Instructions for the task:
Strip out the pictures and output each remaining line of the data word for word.

Provided material:
+--
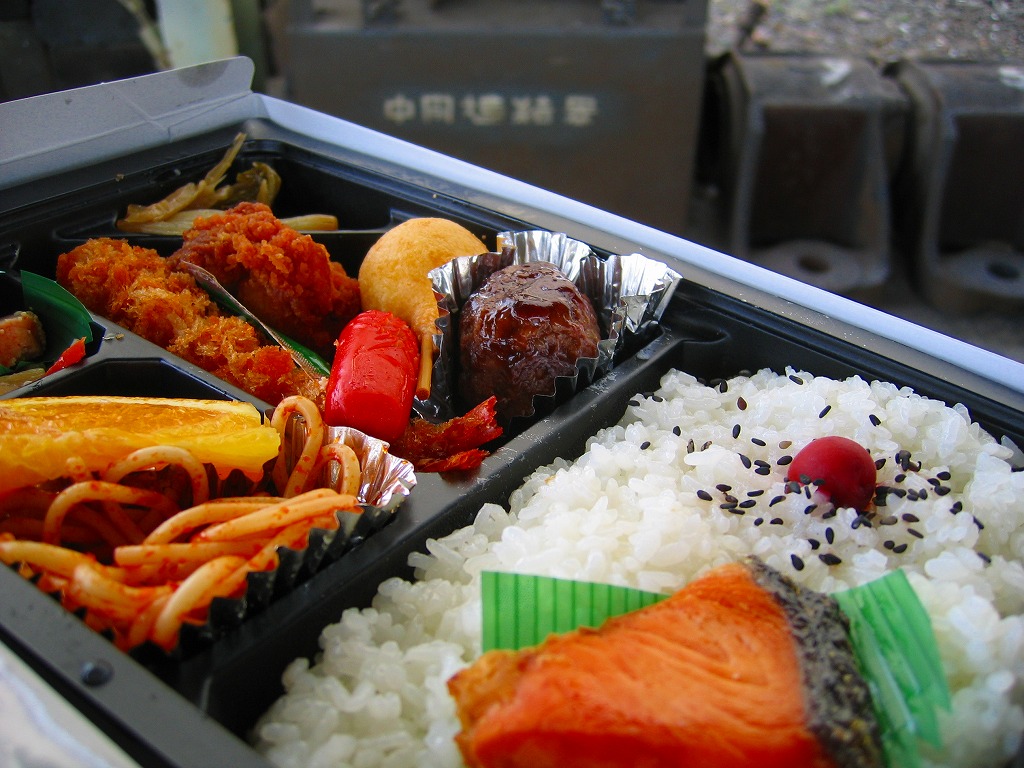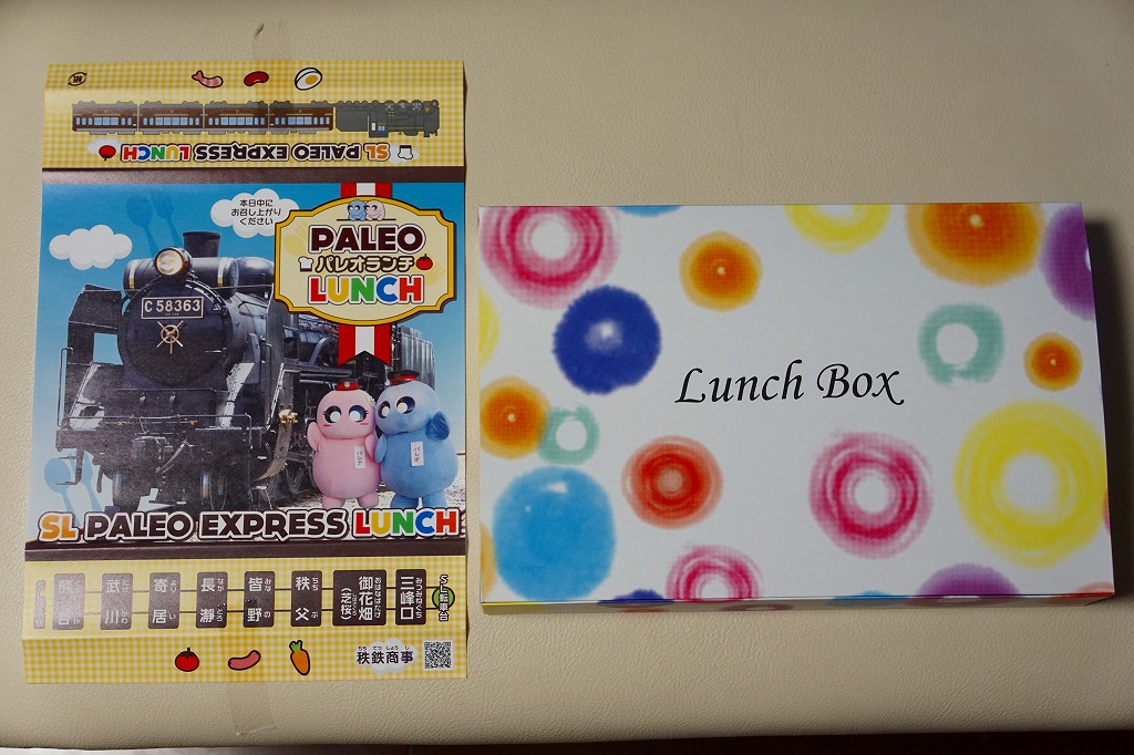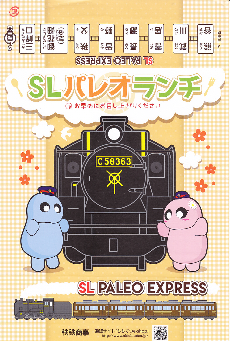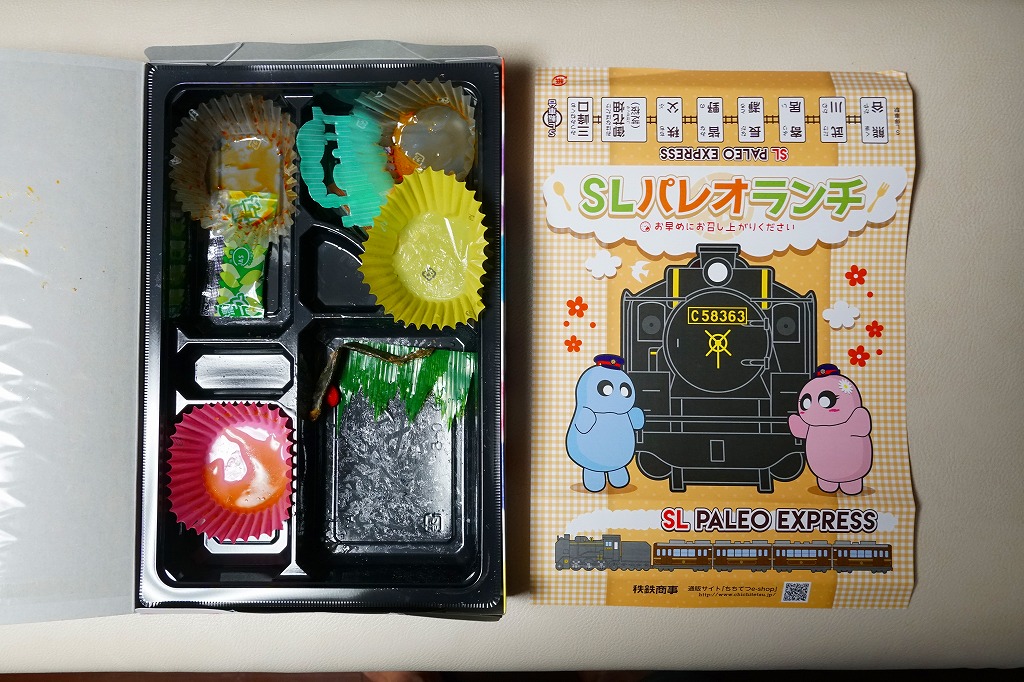 秩父鉄道のSL列車「SLパレオエクスプレス」の車内で販売されるお弁当。市販のボール紙の製惣菜弁当容器に、蒸気機関車の写真と、SL列車の編成図や停車駅やキャラクターを描いた掛紙を巻く。中身は白御飯にSL形の海苔と梅干しと焼鮭を載せ、海老チリと焼売と春巻きとザーサイ、トンカツとスパゲティとウインナー、ごぼうとがんもどきと玉子焼。意図したのかどうか、御飯と中華と洋風と和風の詰合せにも見える。お子様ランチでも惣菜でも駅弁でもないような、中間的な内容と風味。
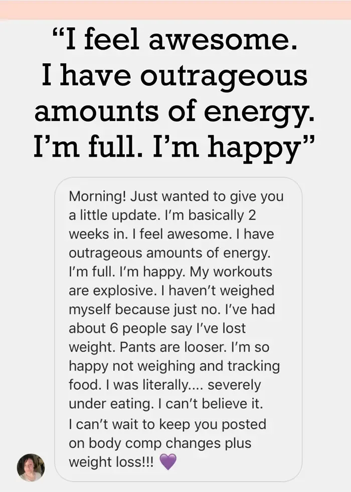 I was eating MORE food, MORE carbs AND I reduced my cardio drastically - it didn’t make any sense? I’ve held the ‘eat less, increase cardio’ mindset for most of my adult life. I know the frustration. But I’m here to tell you - it doesn’t work. Putting your HEALTH first is what works long-term.
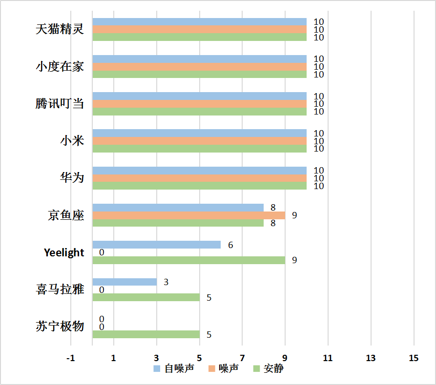智能音箱又称AI音箱,其与普通音箱的区别在于AI语音交互功能,因此这次比较试验性能部分的测试选取了远场语音唤醒、误唤醒、远场语音识别以及语音交互响应速度四个维度对智能音箱的性能进行评估。
+--
Task solution:
 秩父鉄道のSL列車「SLパレオエクスプレス」の車内で販売されるお弁当。市販のボール紙の製惣菜弁当容器に、蒸気機関車の写真と、SL列車の編成図や停車駅やキャラクターを描いた掛紙を巻く。中身は白御飯にSL形の海苔と梅干しと焼鮭を載せ、海老チリと焼売と春巻きとザーサイ、トンカツとスパゲティとウインナー、ごぼうとがんもどきと玉子焼。意図したのかどうか、御飯と中華と洋風と和風の詰合せにも見える。お子様ランチでも惣菜でも駅弁でもないような、中間的な内容と風味。
 I was eating MORE food, MORE carbs AND I reduced my cardio drastically - it didn’t make any sense? I’ve held the ‘eat less, increase cardio’ mindset for most of my adult life. I know the frustration. But I’m here to tell you - it doesn’t work. Putting your HEALTH first is what works long-term.
智能音箱又称AI音箱,其与普通音箱的区别在于AI语音交互功能,因此这次比较试验性能部分的测试选取了远场语音唤醒、误唤醒、远场语音识别以及语音交互响应速度四个维度对智能音箱的性能进行评估。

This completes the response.